» Required work
Using the entries below, copy exactly each line from the line with "Let the good" up to and including the line with "En la reunión", with every picture left out.

» Material provided
--

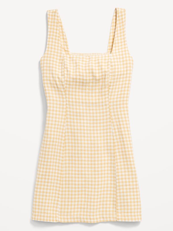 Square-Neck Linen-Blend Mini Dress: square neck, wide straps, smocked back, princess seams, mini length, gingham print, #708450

--

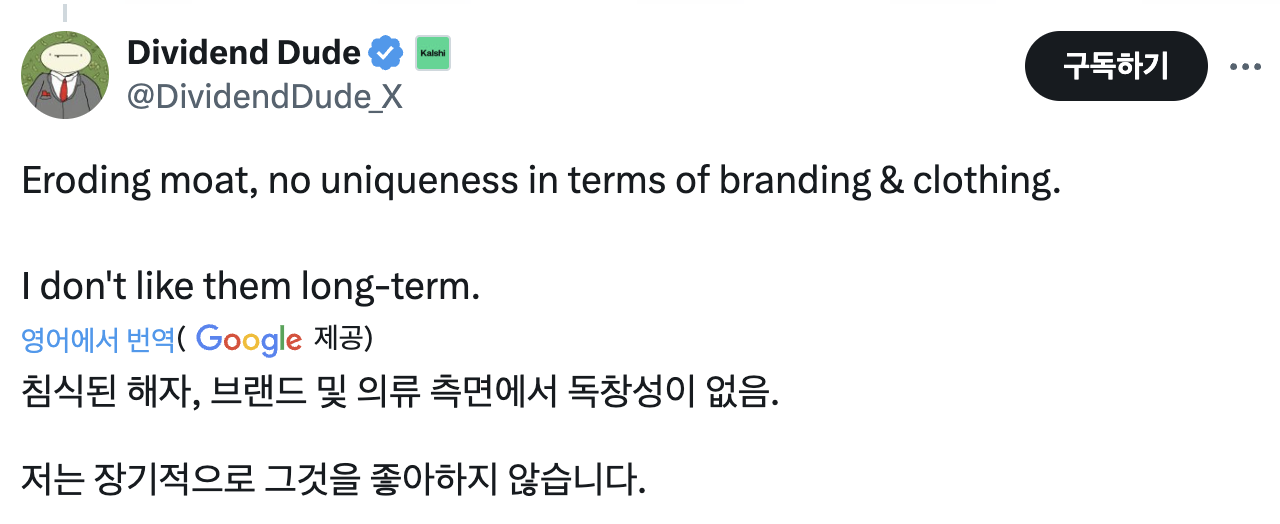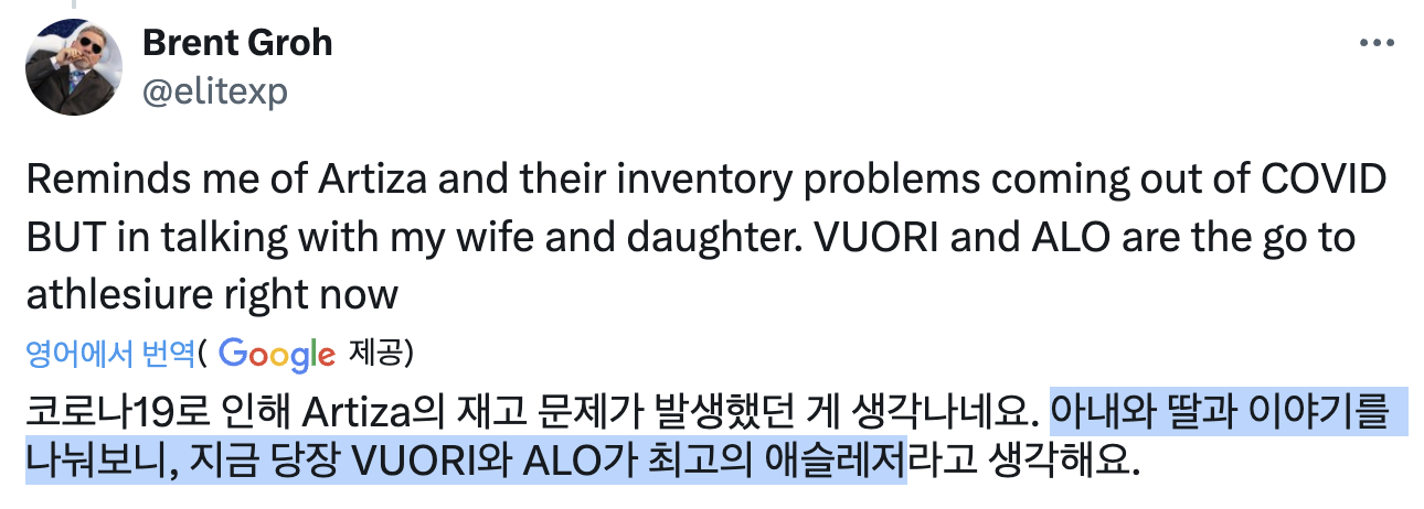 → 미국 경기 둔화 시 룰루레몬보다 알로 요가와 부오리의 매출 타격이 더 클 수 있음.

--

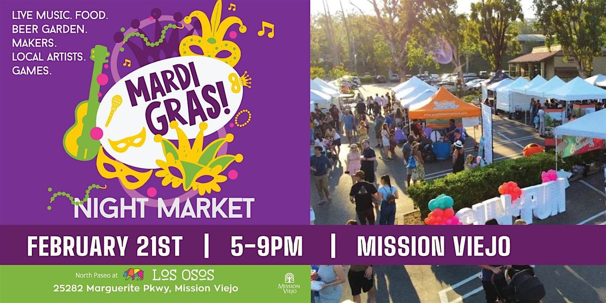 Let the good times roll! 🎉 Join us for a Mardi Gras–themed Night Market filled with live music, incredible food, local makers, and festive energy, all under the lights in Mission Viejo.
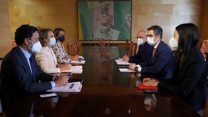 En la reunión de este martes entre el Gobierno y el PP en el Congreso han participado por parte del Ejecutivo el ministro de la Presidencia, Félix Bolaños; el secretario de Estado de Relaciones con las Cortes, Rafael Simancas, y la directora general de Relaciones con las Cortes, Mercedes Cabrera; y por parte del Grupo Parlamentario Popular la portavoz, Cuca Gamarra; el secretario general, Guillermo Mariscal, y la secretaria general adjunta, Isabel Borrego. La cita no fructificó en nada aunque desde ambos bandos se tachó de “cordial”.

--

» Result for this exercise
 Let the good times roll! 🎉 Join us for a Mardi Gras–themed Night Market filled with live music, incredible food, local makers, and festive energy, all under the lights in Mission Viejo.
 En la reunión de este martes entre el Gobierno y el PP en el Congreso han participado por parte del Ejecutivo el ministro de la Presidencia, Félix Bolaños; el secretario de Estado de Relaciones con las Cortes, Rafael Simancas, y la directora general de Relaciones con las Cortes, Mercedes Cabrera; y por parte del Grupo Parlamentario Popular la portavoz, Cuca Gamarra; el secretario general, Guillermo Mariscal, y la secretaria general adjunta, Isabel Borrego. La cita no fructificó en nada aunque desde ambos bandos se tachó de “cordial”.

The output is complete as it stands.